= Darrel Verner Heald =

Canadian politician

Darrel Verner Heald (August 27, 1919 - August 8, 2010) was a lawyer and political figure in Saskatchewan and a Canadian federal judge. He represented Lumsden from 1964 to 1971 in the Legislative Assembly of Saskatchewan as a Liberal.

He was born in Regina, Saskatchewan, the son of Herbert Heald and Lotta Knutson, and was educated in Liberty, in Govan and at the University of Saskatchewan, where he received B.A. and a LLB degrees. Heald articled in Regina. He then served with the Royal Canadian Air Force during World War II. After the war, Heald practised law in Regina. In 1951, he married Doris Rose Hessey.
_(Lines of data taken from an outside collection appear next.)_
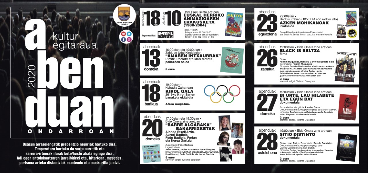 Abendu kultur ekimenez beteta dator azpixan ikusiko dozuen latxeik. Mamarrun eragiñez ekitaldi batzuk jende kopuru konkretu bateaz ein bikodizenetik komeni de aurretixaz sarrerak jasoti.
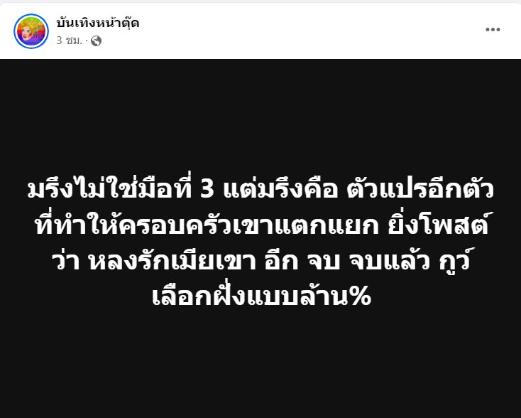 - มรึงไม่ใช่มือที่สาม แต่มรึงคือ ตัวแปรอีกตัวที่ทำให้ครอบครัวเขาแตกแยก ยิ่งโพสต์ว่า หลงรักเมียเขา อีก จบ จบแล้ว กูว์เลือกฝั่งแบบล้าน %
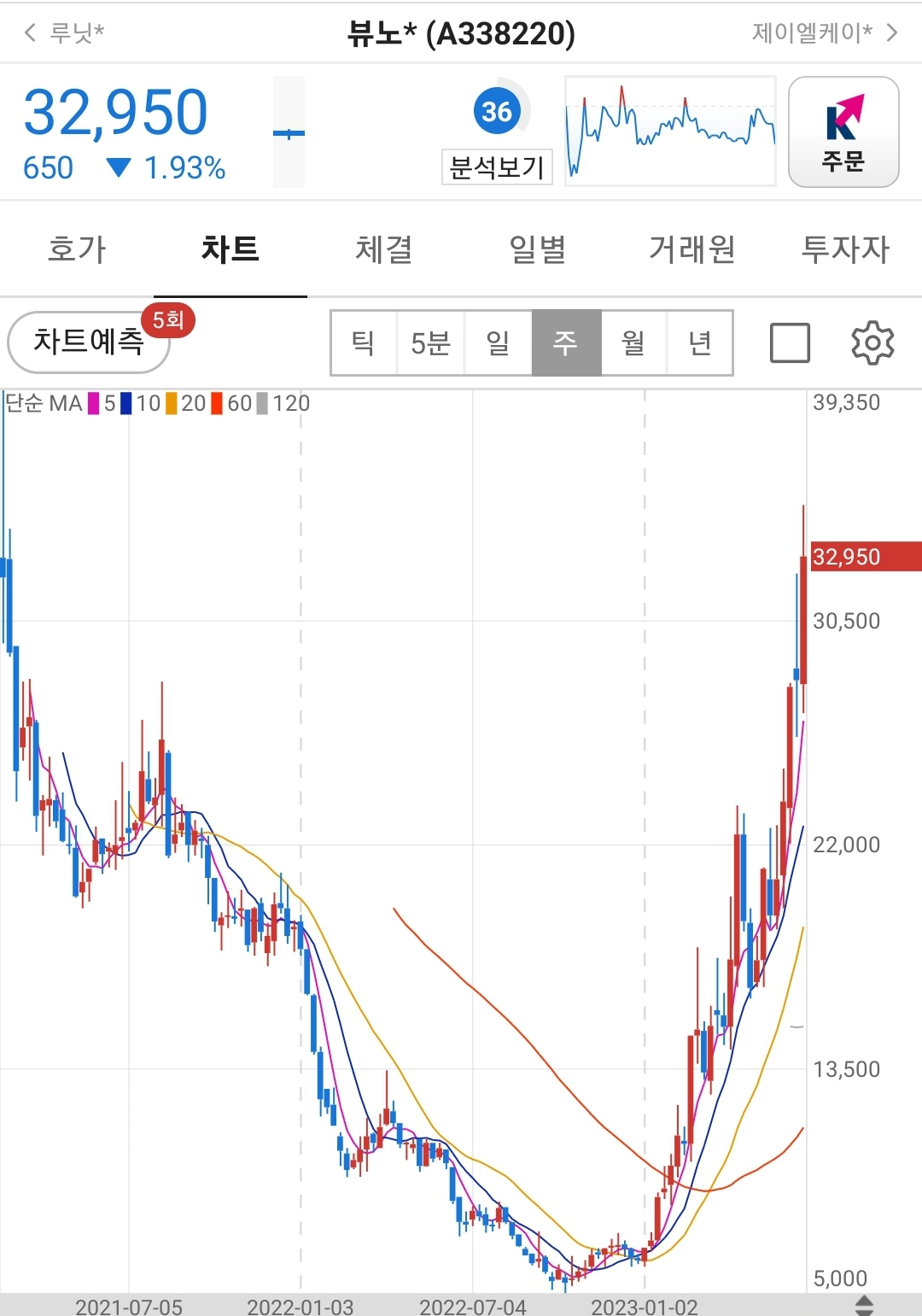 다만, 대장주인 루닛의 급등락에 따라 동반 상승, 하락할 수 있기 때문에 뷰노 종목 진입시는 루닛의 주가를 동시에 놓고 진입시점, 매도시점을 고려해야 합니다.

He served in the provincial cabinet as Attorney General, as Provincial Secretary and as Minister of Co-operation and Co-operative Development. Heald was defeated by Gary Lane when he ran for reelection to the Saskatchewan assembly in 1971. He was a member of the executive for the Saskatchewan Roughriders and was president of the Regina Curling Club. In 1971, he was named to the Federal Court of Canada in Ottawa, serving in both the Trial and Appeal divisions. Heald retired from the bench in 1989. He retired to British Columbia and died there at the age of 90.